Submitted to: Contest #297

TIME STORY

Written in response to: "Write a story with a number or time in the title."

Science Fiction

THE BEGINNING

‘So, what is Time, anyway?’ asked Joseph Jespersen. Not that he cared. He was stuck in this dead-end job, so-called science writer for a sensationalist newspaper, the man who interviewed the cranks and the weirdos for a column just before the sports section, that nobody ever bothered to read. It was called Strange Science, and at least the ‘Strange’ part of the title was correct. It was a collection of bizarre theories and obvious nonsense, from people who belonged in tinfoil hats, and occasionally wore them. He hated the job; he was a qualified physicist, and good at what he did. He had passed first in his class from a prestigious university, been selected as the best doctoral candidate and done his training under the best there was. His PhD thesis was a masterpiece of discovery, of out-of-the-box thinking, unleashing a whole new theory that would otherwise never have been discovered.

Jespersen had applied for his dream job in cutting-edge research, with an almost unlimited budget and intellectual freedom, and when he compared himself with his competitors he was certain he would get the position. The leader of the team he would be working with had been excited to hear he might join them. But he wasn’t on the interview board. Instead it comprised the university President, a paper shuffler who spent most of his time schmoozing with billionaires to get them to donate to the university, the Dean, who now he had tenure spent all of his time behind a desk, and the Professor of his section, who had long ago abandoned hands-on research.

The interview went well.
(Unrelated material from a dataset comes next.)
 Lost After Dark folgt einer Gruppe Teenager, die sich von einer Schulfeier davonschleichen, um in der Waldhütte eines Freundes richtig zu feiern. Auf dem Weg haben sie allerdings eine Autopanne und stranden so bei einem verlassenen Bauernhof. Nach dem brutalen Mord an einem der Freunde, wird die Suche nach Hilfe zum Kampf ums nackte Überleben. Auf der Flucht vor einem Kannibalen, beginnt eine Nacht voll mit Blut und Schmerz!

They were impressed with his qualifications and his record of achievement. The Professor and the Dean had read his doctoral thesis and seemed excited to have someone of his ability join the research team. Then came his clumsy joke during the interview. Not off-colour, but stupidly adolescent and even disrespectful of the pompous and solemn edifice that was the scientific Establishment, poking fun at its self-importance, intellectual conservatism and complacency. His interlocutors, prime examples of the breed, scandalised by his brazenness, recoiled in horror and outrage. They were offended and insulted; he attempted desperately to remedy the situation, but he could see by their faces that he had completely dashed his hopes. The joke wasn’t even all that funny, and on later thought he blamed it on his over-confidence and the amount of coffee he had drunk before the interview.

Word had got around, and he had found himself in bad odour throughout his chosen field. It was a very small world, and he discovered that he had effectively been blacklisted by his whole community. The only job he had been able to get was this pitiful excuse for a scientific profession.
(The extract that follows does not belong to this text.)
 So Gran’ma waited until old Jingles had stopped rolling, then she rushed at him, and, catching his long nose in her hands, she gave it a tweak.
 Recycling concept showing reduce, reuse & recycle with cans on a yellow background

Today’s was the worst in a series of ghastly assignments. The editor, a cynical smile on his face, had sent him out to interview a man who claimed to have invented a time machine. ‘This’ll be good for a laugh,’ the editor had said. ‘The guy is a full-fledged Loonie. No scientific training, has the most bizarre ideas about the nature of the universe, reckons the scientific community is a bunch of crackpots. Have fun!’

So here he was, interviewing the latest crackpot, and the man certainly looked the part. Wild grey hair and a goatee beard, pebble glasses and a lab coat that looked as though it was fifty years old and had never been washed in all that time. The photographer inclined his head and said out of the corner of his mouth ‘This one’s a real classic case. One photo of him in the paper ought to be enough to convince everybody he’s nuts. Barker? As in barking mad.’
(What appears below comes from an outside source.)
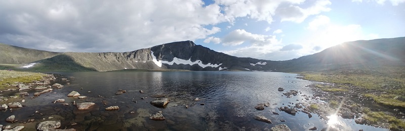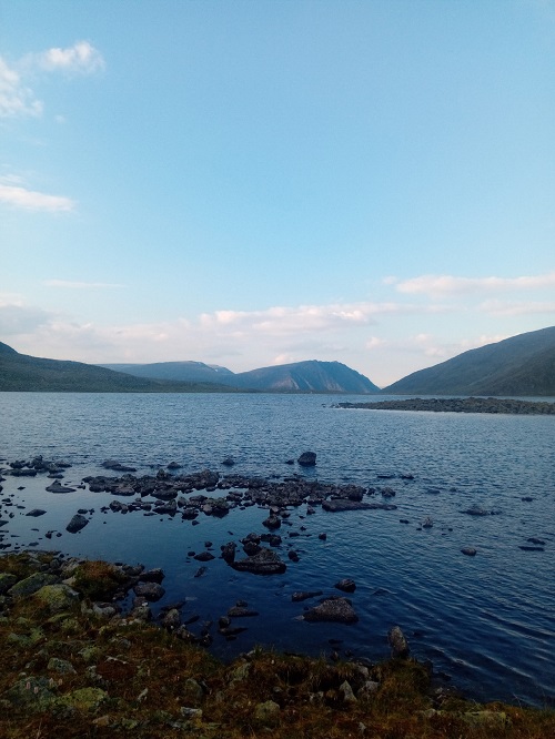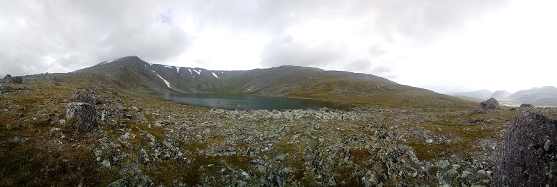 В итоге, в радиалку вышли вчетвером. Еще вчера, с Народной, увидел седловину на хребте, разделяющем наше озеро и тесную долину под Карпинским. Широкая, пологая и удобная для подъема, она показалась оптимальна для перевала и рывка к подножию. Потом останется пройти перевал Голубые озера и уйти на восточную сторону горы, откуда и совершить восхождение. На все про все, примерно, 12 часов.

‘Well, we need to give him a hearing. Let the readers decide’

‘Good morning Professor Barker,’ he said. He was sure the man didn’t rate the title, but he wanted to to get off to a good start. ‘Is it true you’ve invented a time machine?’

The man rolled his eyes. ‘Such a science-fiction name. So sensationalist. But I suppose it’s as near to the truth as your esteemed readers are ever likely to understand.’

Did Jespersen detect a hint of cynicism in the man’s voice? That made a change. Most of the people he interviewed were so convinced of their own rightness, and so willing to convince, that they had no concept of the low quality of his newspaper’s reportage.

‘Could we see the device?’ he asked.

‘Oh, yes. But do be aware that this is a prototype only, and it’s at a pretty primitive stage. Still, it does the job it’s meant to do. If I can get funding for further development, I can make it as sleek and sophisticated as anything coming out of a factory. But it works now. Come through and I’ll show it to you. I’ve only been in these premises two years. It still lacks a certain something, I’m afraid. Never got around to tidying up or painting, or anything like that. I’ve been working too hard on developing the equipment.’

They walked into the other room, and there in all its bizarre glory was what Jespersen’s newspaper article was going to have to call a time machine, no matter how inaccurate the title may be. And it was certainly strange. There was a sort of pilot’s cabin, apparently made from an old telephone box. Inside was a second-hand plastic chair and a VDU that must have come from a charity shop – it belonged back in the 1990s - and a grimy keyboard with many of the letter missing from the keys, and a series of readouts and meters and switches which seemed equally old. Wires crisscrossed inside the cabin, allowing barely enough room to fit into the seat. ‘Not very pretty, I’m afraid,’ said Barker.

‘So, how does it work?’ asked Jespersen.

‘Oh, the scientific theory and the mathematics are too advanced and complex for the readers of your newspaper,’ replied Barker, holding up a copy of last week’s issue and snickering. ‘I see Elvis has been seen again, and someone else has had an alien’s baby. High quality stuff!’

‘Try me,’ replied Jespersen. ‘I might just be able to keep up with it if you explain it in simple words.’ The photographer struggled to hide a smirk.

Half an hour of bizarre pseudo-science and unfounded assumptions later, involving some utterly outrageous claims about the nature of time and space, Barker wound down.

‘Well, you’re right,’ said Jespersen. ‘I didn’t understand it.’ Barker smiled a superior smile. ‘I told you it was too difficult,’ he said. Jespersen kept his mouth shut. He might as well play the farce out to its end.

‘Could we have a demonstration?’ he asked.

‘Of course!’ Barker went over to a small wire cage on a table against the wall. He lifted it and brought it over. Inside was a small grey mouse. ‘This is Elmer, my test dummy,’ he said. He’s been through the machine innumerable times without suffering any ill effects. He’s a seasoned time-traveller.’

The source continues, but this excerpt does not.